Version 2 2024-06-13, 15:56Version 2 2024-06-13, 15:56
Version 1 2016-10-11, 10:33Version 1 2016-10-11, 10:33
journal contribution
posted on 2024-06-13, 15:56authored byNJ Glassford, GM Eastwood, R Bellomo
Introduction: Fluid bolus therapy (FBT) is a ubiquitous intervention in
intensive care. However, the physiological effects in the critically ill are
poorly understood. Therefore, we systematically reviewed the contemporary literature to determine the current practice and effect of FBT in the management of severe sepsis and septic shock.
Methods: We interrogated the MEDLINE, CENTRAL and EMBASE electronic reference databases using a combination of terms to define a set of records of studies of fluid administration in patients with severe sepsis or septic shock. To achieve contemporary relevance, results were limited to English language studies in adults between 2010 and 2013.
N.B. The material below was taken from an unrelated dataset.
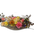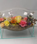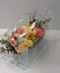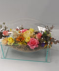 Add timeless beauty to your home with this elegant glass floral display. Housed in a uniquely shaped clear glass vase with a sturdy glass stand, this arrangement showcases a vibrant mix of lifelike flowers in full bloom. Featuring soft yellow, pink, peach, and orange roses paired with delicate greenery and pearl accents, it creates a stunning focal point for any space.

Results: We identified 22 prospective observational studies, four
retrospective observational studies, two quasi-experimental studies, and five randomised controlled trials (RCTs), 41 boluses in total. No RCT compared FBT with alternative interventions. The median fluid bolus was 500 ml (range: 100 to 1,000 ml) administered over 30 minutes (range: 10 to 60 minutes) and 0.9% sodium chloride solution was the most commonly administered. Although 17 studies describe the temporal course of physiological changes after FBT in 31 patient groups, only three studies describe the physiological changes at 60 minutes, and only one study beyond this point (Figure 1). No studies related the physiological changes after FBT with clinically relevant outcomes.
Conclusion: There is a need for obtaining randomised controlled evidence
for the physiological effects of FBT in patients with severe sepsis and septic shock beyond the period immediately following its administration.